Beginning on Oct. 31, three roads surrounding the site of The 203 Project will become one-way streets as construction continues. The project is located on South Greensboro Street in Carrboro.
Traffic will travel in one direction on Roberson Street, Maple Avenue and East Carr Street.
The three roads and South Greensboro Street surround what used to be the South Greensboro parking lot, which was fully closed on Oct. 17.
“In order to safely work around the building, and have enough space to maneuver equipment, we have to extend the construction limits out into the road,” Ben Schmadeke, capital projects manager for the Town of Carrboro, said.
The construction is expected to be complete in Spring 2024. Schmadeke estimated that impacted roads will remain one-way for the entire duration of construction.
He said that although the roads might be temporarily blocked for utility work, they will not be entirely closed.
Nate Boreiko, an employee at Neal’s Deli, a restaurant near the construction site, said the library is great, but the construction is creating some hardships for nearby small businesses.

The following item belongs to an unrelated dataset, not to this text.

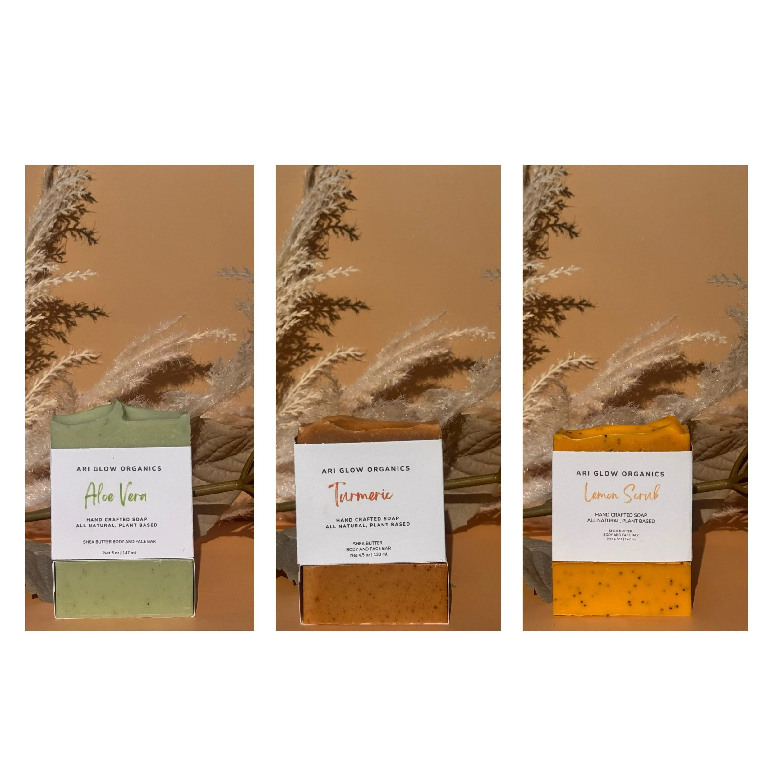 Our soaps are made with nourishing oils and butters and colored with natural clays and plant based colorants. They nourish and hydrate while leaving your skin hydrated and smooth.
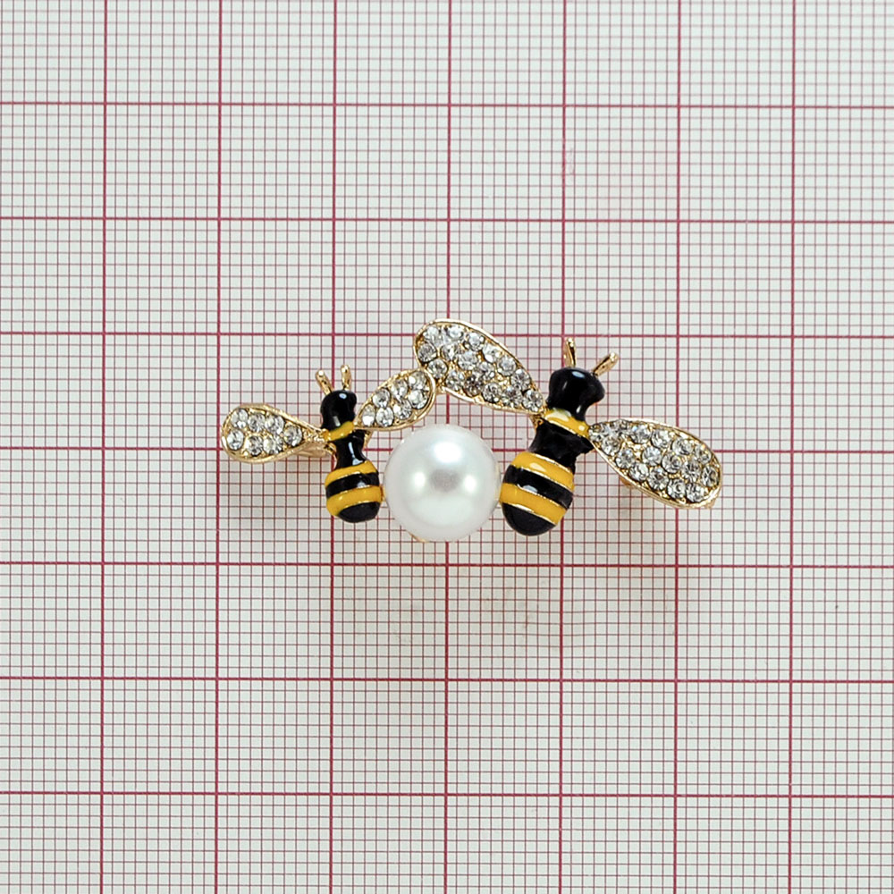 Брошь Осы и жемчуг светлое золото, желтый, черная эмаль, белый жемчуг, белые камни

Boreiko said the Town should take into consideration whether its construction and traffic plans are hurting some people.
“I'd be interested to see how it actually ends up,” Boreiko said, despite some concern over construction.
For cyclists who wish to access the Libba Cotten Bikeway, the Town of Carrboro encourages them to use Carr Street to avoid oncoming traffic on Roberson Street.
Drivers seeking alternative parking can consult the Carrboro Town parking map.
Since its groundbreaking in May, the parking lot and site of the 203 Project remained mostly open.
“In the past five months, there's been a lot of preparation for site work," Schmadeke said. "It's been a lot of utility coordination up to this point."
In August and September, the construction team began work. They installed a stormwater junction box and about 50 feet of stormwater pipes.
Schmadeke said the construction workers are currently demolishing the existing pavement and preparing for the foundation work.
“Speaking for the Town of Carrboro, it's been as efficient as it could have been,” Schmadeke said.
In a Sept. 13 Carrboro Town Council meeting, Schmadeke said there will be about eight early-morning concrete pours before 7 a.m., which might cause noise.
The construction contractor will notify the Town one week in advance of upcoming works and will work with the Town to alert residents and business owners. However, no more than two morning pours will be permitted in a given week, and they will not fall on consecutive days or any Sunday.
When the construction is finished, what used to be the municipal parking lot will host the Orange County Southern Branch Library and the Orange County Skills Development Center.
The project will provide opportunities for education, art and community connection, according to the Town.
Catherine Lazorko, communication and engagement director for the Town of Carrboro, said the library will be the first standard-sized library and the largest capital project in Carrboro.
“There's great excitement in the community to see this public center constructed,” Lazorko said. “It's been a long time coming and many people are eagerly awaiting the completion of this project.”